C standard addressing simplification inconsistency

267 views Asked by At

Section §6.5.3.2 "Address and indirection operators" ¶3 says (relevant section only):

The unary & operator returns the address of its operand. ... If the operand is the result of a unary * operator, neither that operator nor the & operator is evaluated and the result is as if both were omitted, except that the constraints on the operators still apply and the result is not an lvalue. Similarly, if the operand is the result of a [] operator, neither the & operator nor the unary * that is implied by the [] is evaluated and the result is as if the & operator were removed and the [] operator were changed to a + operator. ...

This means that this:

#define NUM 10
int tmp[NUM];
int *i = tmp;
printf("%ti\n", (ptrdiff_t) (&*i - i) );
printf("%ti\n", (ptrdiff_t) (&i[NUM] - i) );

Should be perfectly legal, printing 0 and the NUM (10). The standard seems very clear that both of those cases are required to be optimized.

However, it doesn't seem to require the following to be optimized:

struct { int a; short b; } tmp, *s = tmp;
printf("%ti\n", (ptrdiff_t) (&s->b - s) );

This seems awfully inconsistent. I can see no reason that the above code shouldn't print the sizeof(int) plus (unlikely) padding (possibly 4).

Simplifying a &-> expression is going to be the same conceptually (IMHO) as &[], a simple address-plus-offset. It's even an offset that's going to be determinable at compile time, rather than potentially runtime with the [] operator.

Is there anything in the rationale about why this is so seemingly inconsistent?

3

There are 3 answers

4
James McNellis On BEST ANSWER

In your example, &i[10] is actually not legal: it becomes i + 10, which becomes NULL + 10, and you can't perform arithmetic on a null pointer. (6.5.6/8 lists the conditions under which pointer arithmetic can be performed)
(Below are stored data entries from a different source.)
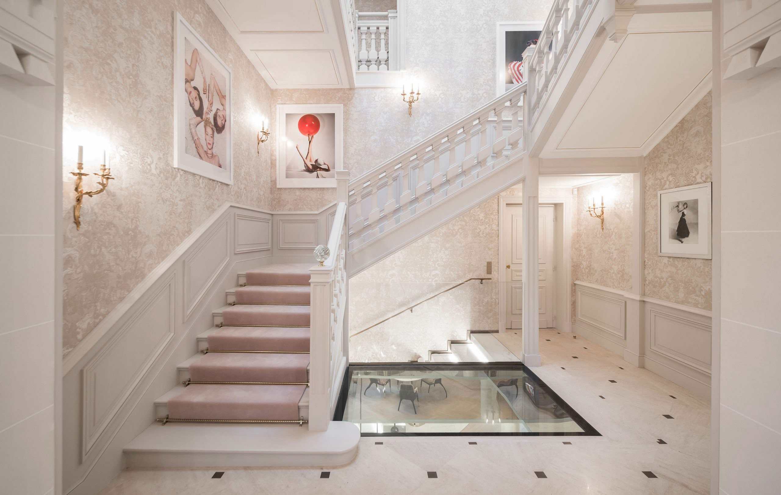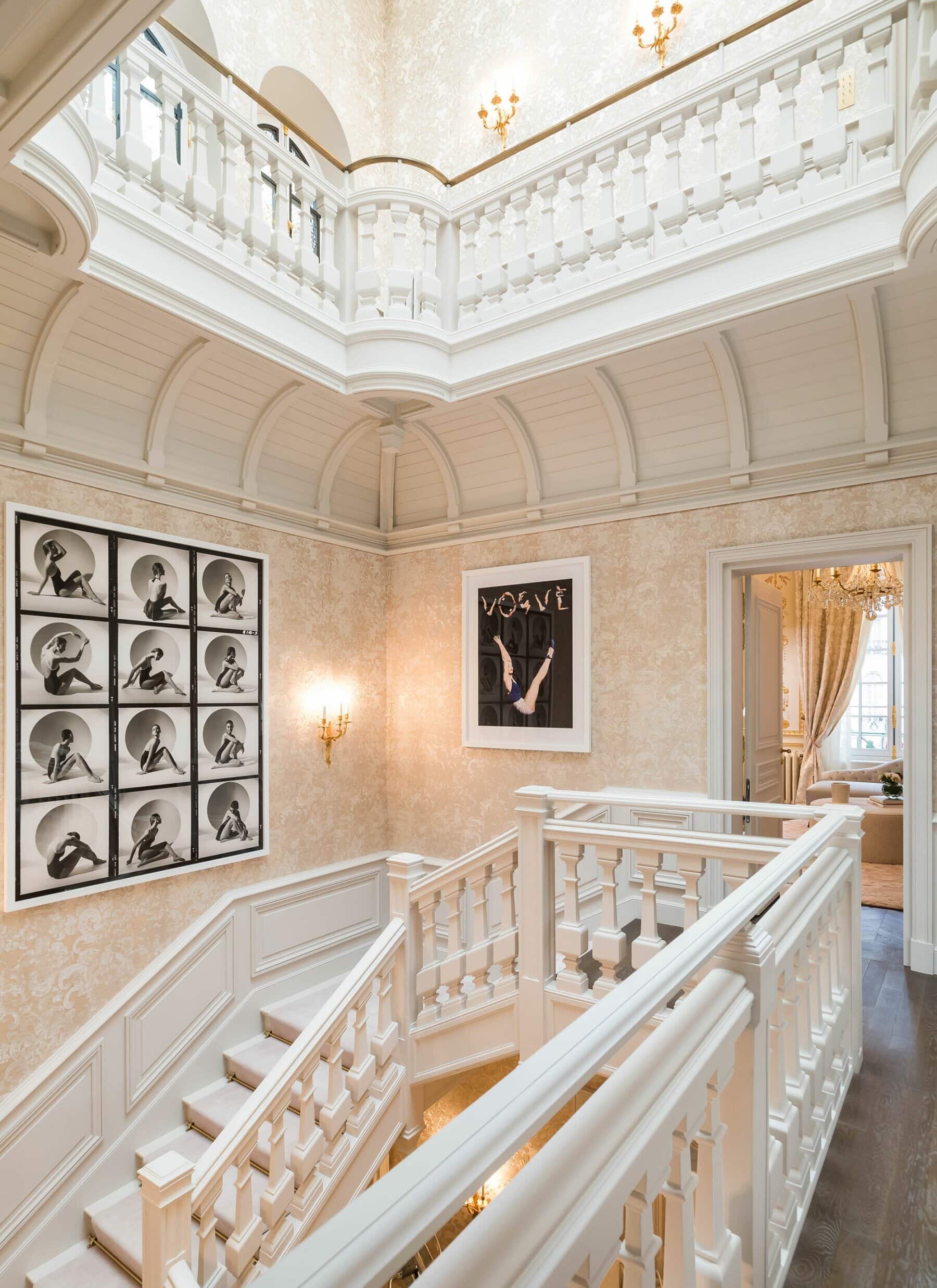 Descending the helical staircase, a glimpse of the 16-metre swimming pool is visible through a glazed wall. The pool area is complemented by a gym, hammam spa, and massage room, leading off from the pool lobby. The ‘floating’ staircase, a masterpiece of both design and engineering, is created by hand, reflecting a freestanding curve and crafted using the famous French limestone ‘Magny Le Louvre’.
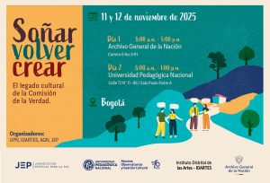 La Universidad Pedagógica Nacional – UPN, la Jurisdicción Especial para la Paz – JEP, el Archivo General de la Nación – AGN y el Instituto Distrital de las Artes – IDARTES invitan a participar del Encuentro “Soñar, volver, crear”: El legado cultural de la Comisión de la Verdad, que busca contribuir a la deliberación pública y la apropiación ciudadana del legado cultural de la Comisión de la Verdad, de la importancia de la reparación simbólica y la resignificación, mediante prácticas culturales, patrimoniales y artísticas en Colombia. https://forms.gle/x56dBkKXXBnJG3Az6
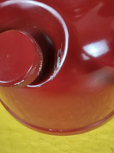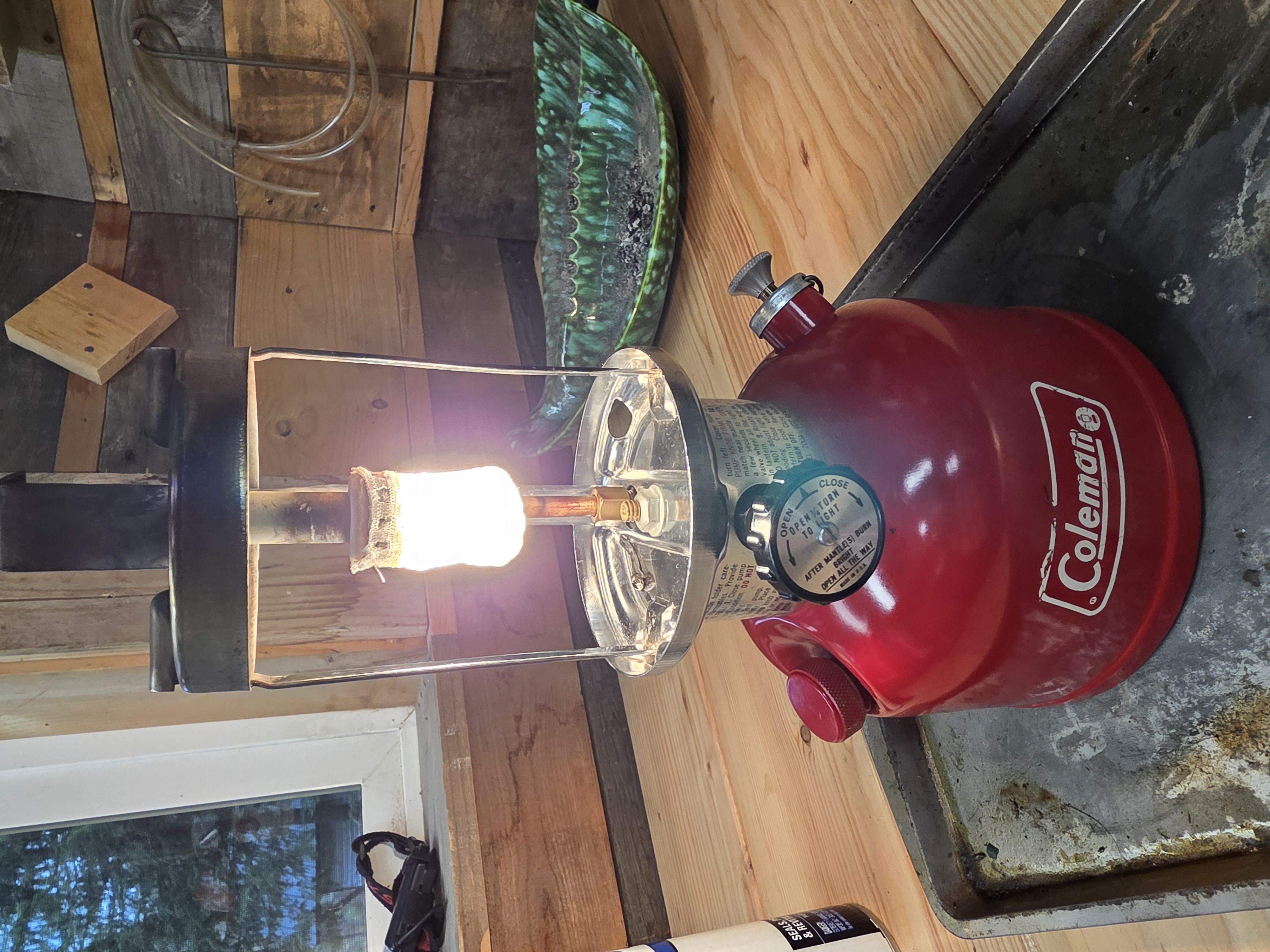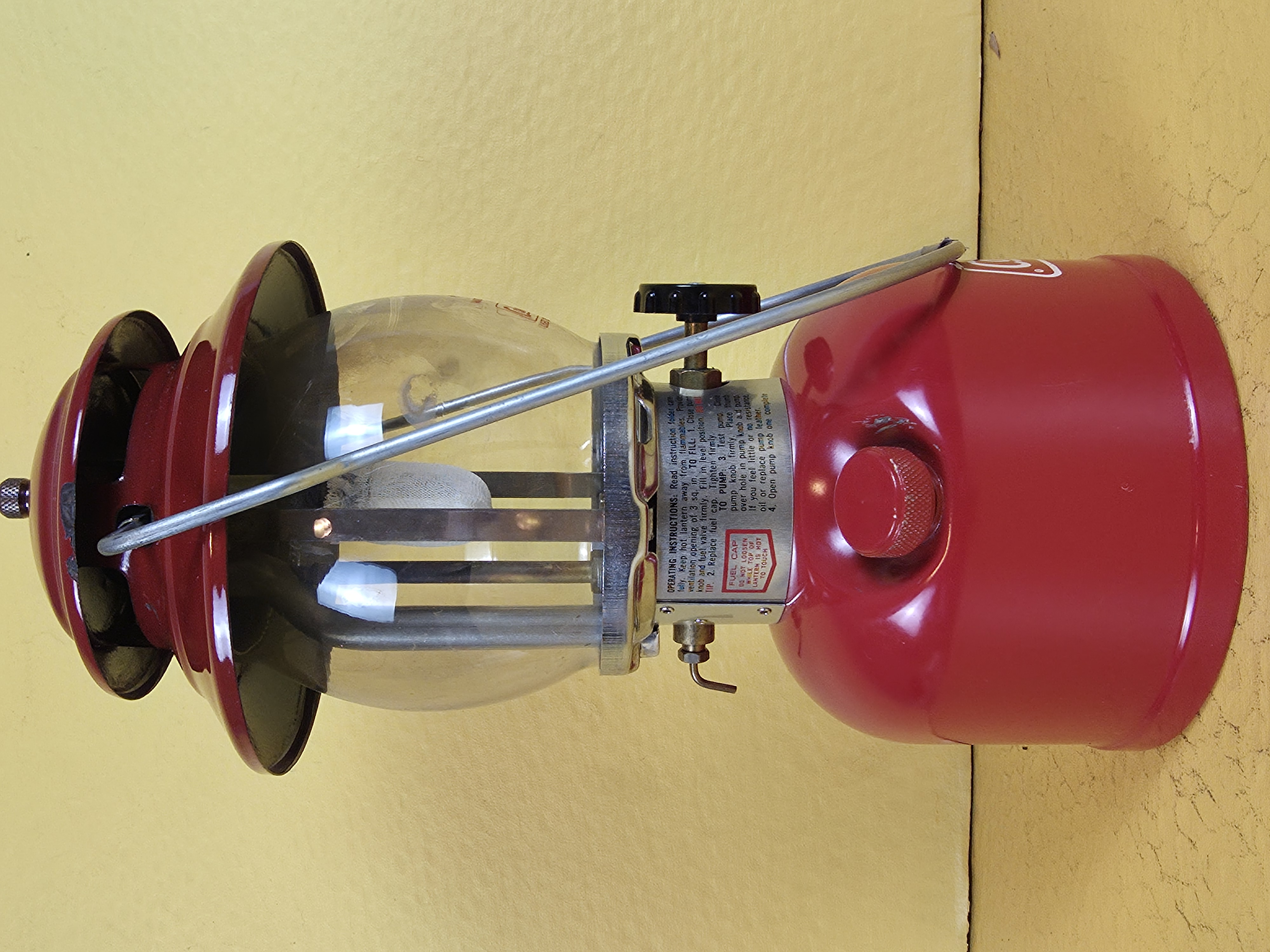There are a couple of minor chips in the ventilator, above the bail hole on the left side. The globe has two mantle burn marks in it, both smaller than a dime. The decal has "fallen" and it appears to be caused by a piece of duct tape that was put on the bail at that spot to reduce bail slap. I left the tape on the bail.
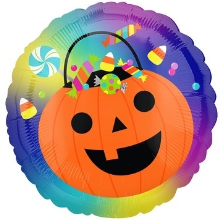 Фигурный шар из фольги с гелием в виде круга с тыквой-конфетницей - это традиционная игра на Хэллоуин, раздавать конфеты детям. Размер фигуры 46 см без учета наполнения.
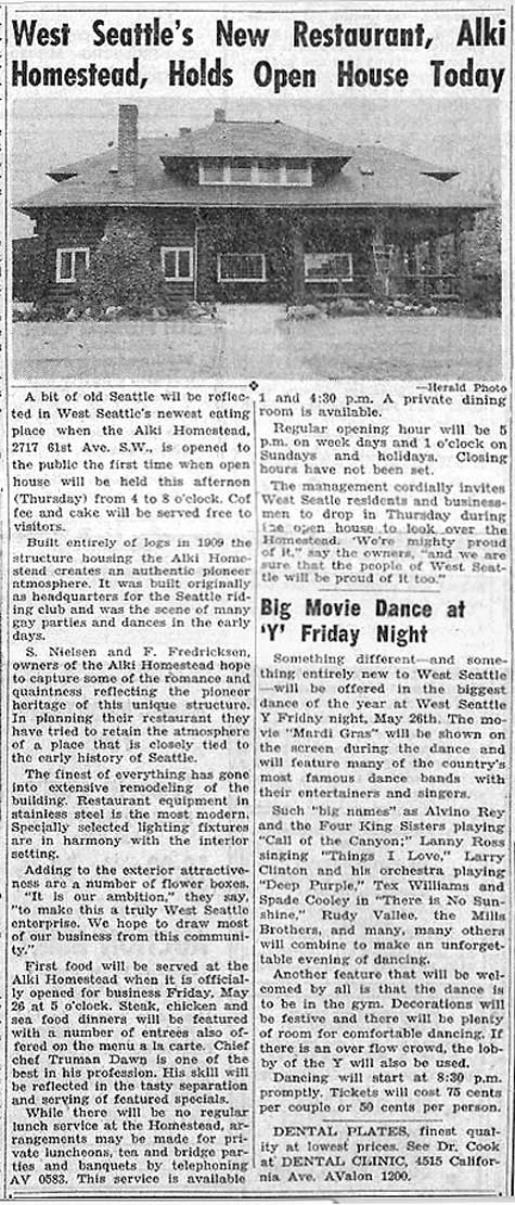 x West-Seattle-Herald,-June-25,-1950-WEB August 30, 2015 475 × 1111 Seattle Now & Then: Return of the Homestead The West Seattle Herald’s coverage of the Alki Homestead’s opening, published on June 25, 1950. CLICK CLICK to ENLARGE
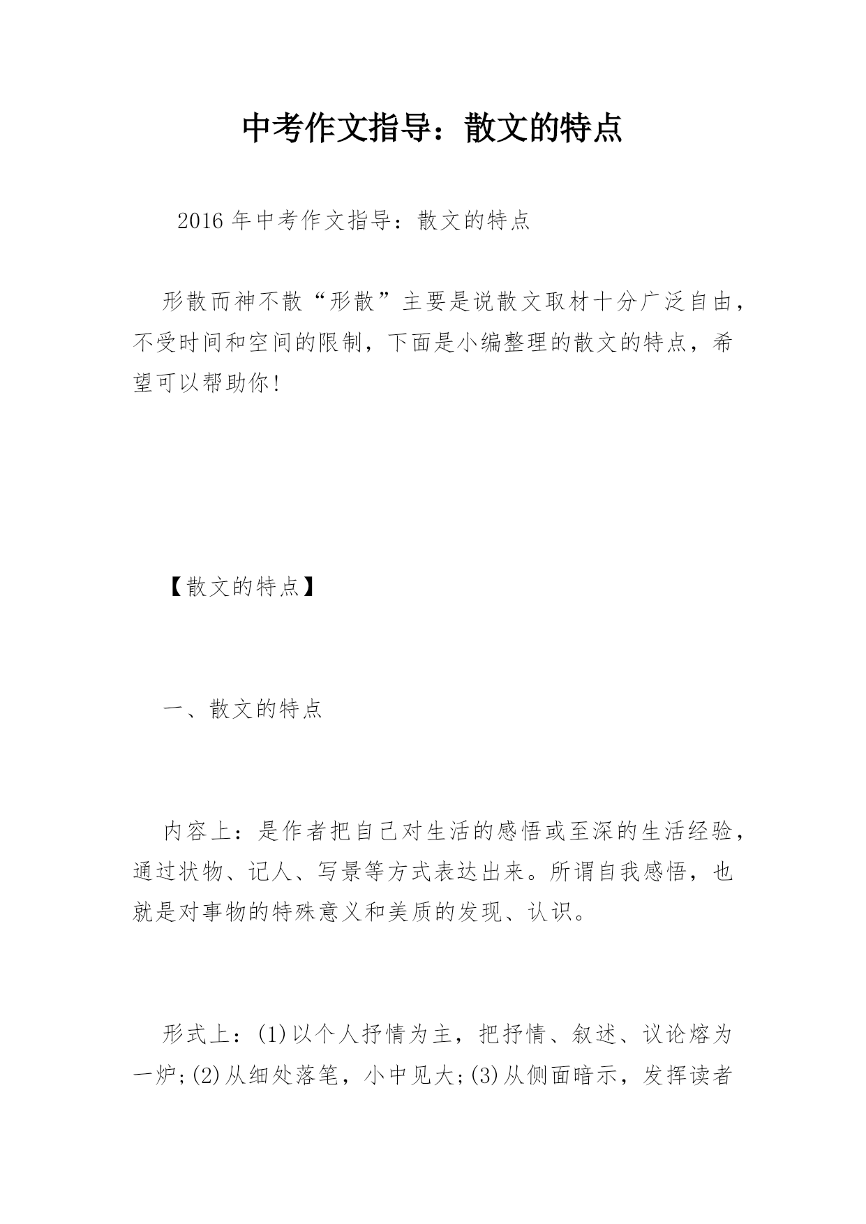 中考作文指导:散文的特点2016年中考作文指导:散文的特点形散而神不散“形散”主要是说散文取材十分广泛自由,不受时间和空间的限制,下面是小编整理的散文的特点,希望可以帮助你!【散文的特点】一、散文的特点内容上:是作者把自己对生活的感悟或至深的生活经验,通过状物、记人、写景等方式表达出来。所谓自我感悟,也就是对事物的特殊意义和美质的发现、认识。形式上:(1)以个人抒情为主,把抒情、叙述、议论熔为一炉;(2)从细处落笔,小中见大;(3)从侧面暗示,发挥读者的想象力;(4)行文自由,结构灵活。综合以上两点:散文
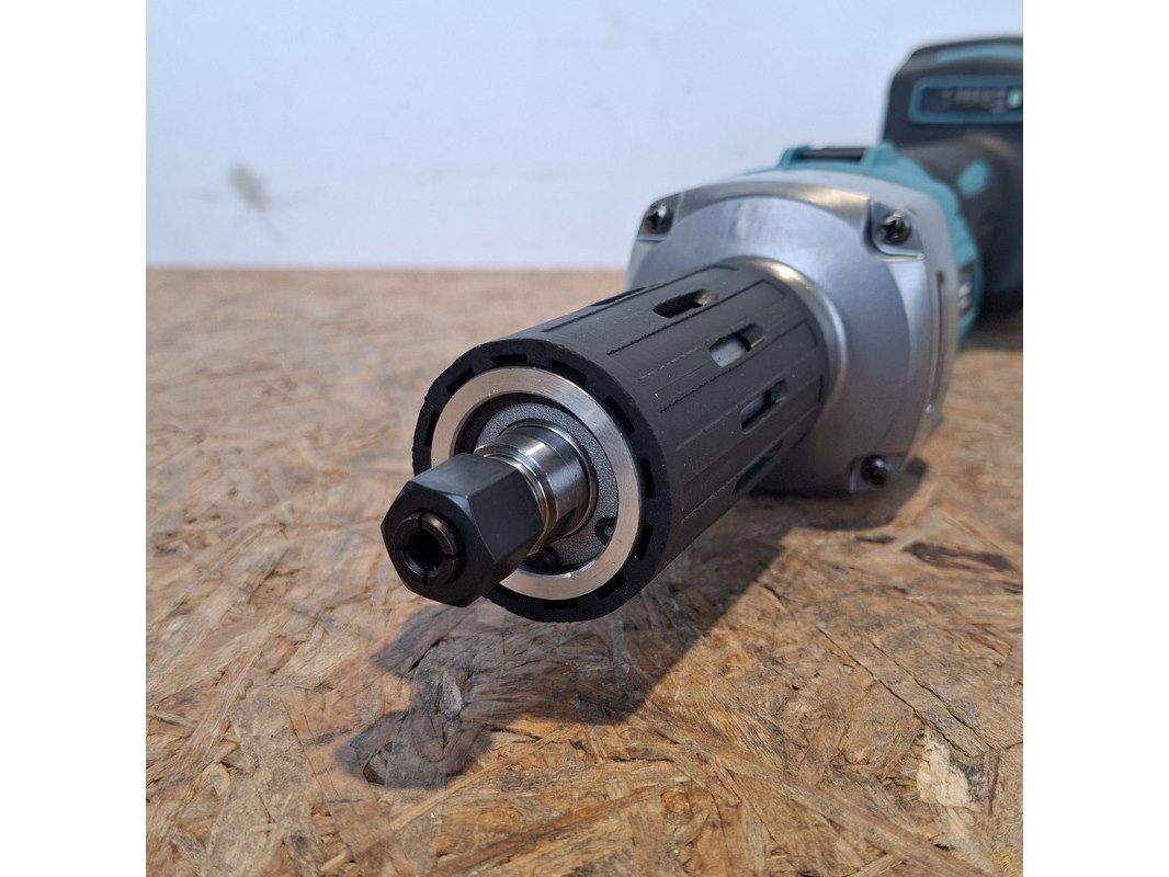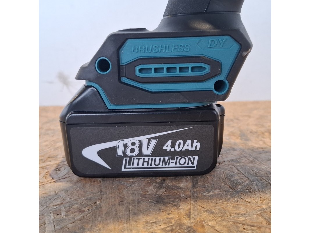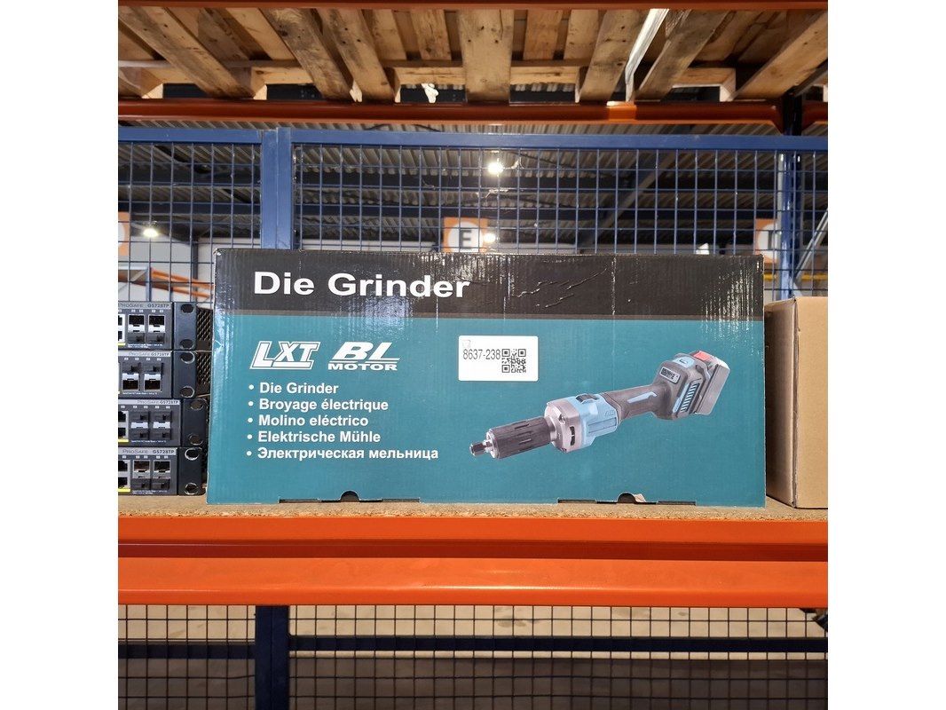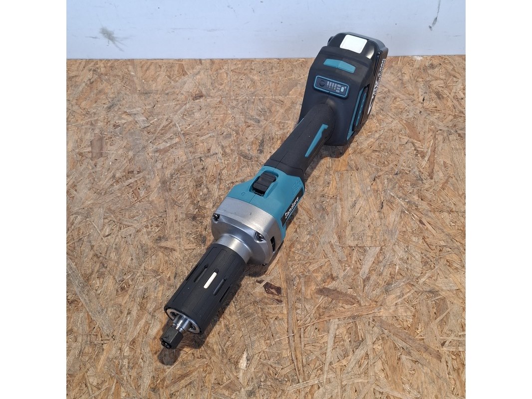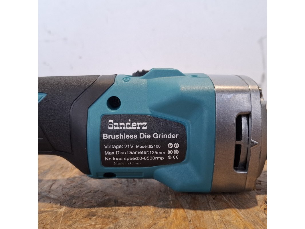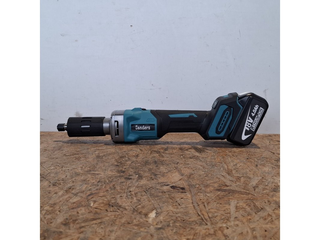Product: Rechte slijpmachine Kleur: Blauw Specificaties: Inclusief lader en 2x accu, in doos.

Anyway, this rule was added in C99; it was not present in C89. My understanding is that it was added in large part to make code like the following well-defined:

int* begin, * end;
int v[10];

begin = &v[0];
end = &v[10];

That last line is technically invalid in C89 (and in C++) but is allowed in C99 because of this rule. It was a relatively minor change that made a commonly used construct well-defined.

Because you can't perform arithmetic on a null pointer, your example (&s->b) would be invalid anyway.

As for why there is this "inconsistency," I can only guess. It's likely that no one thought to make it consistent or no one saw a compelling use case for this. It's possible that this was considered and ultimately rejected. There are no remarks about the &* reduction in the Rationale. You might be able to find some definitive information in the WG14 papers, but unfortunately they seem to be quite poorly organized, so trawling through them may be tedious.

8
Scott M. On

I believe that the compiler can choose to pack in different ways, possibly adding padding between members of a struct to increase memory access speed. This means that you can't for sure say that b will always be an offset of 4 away. The single value does not have the same problem.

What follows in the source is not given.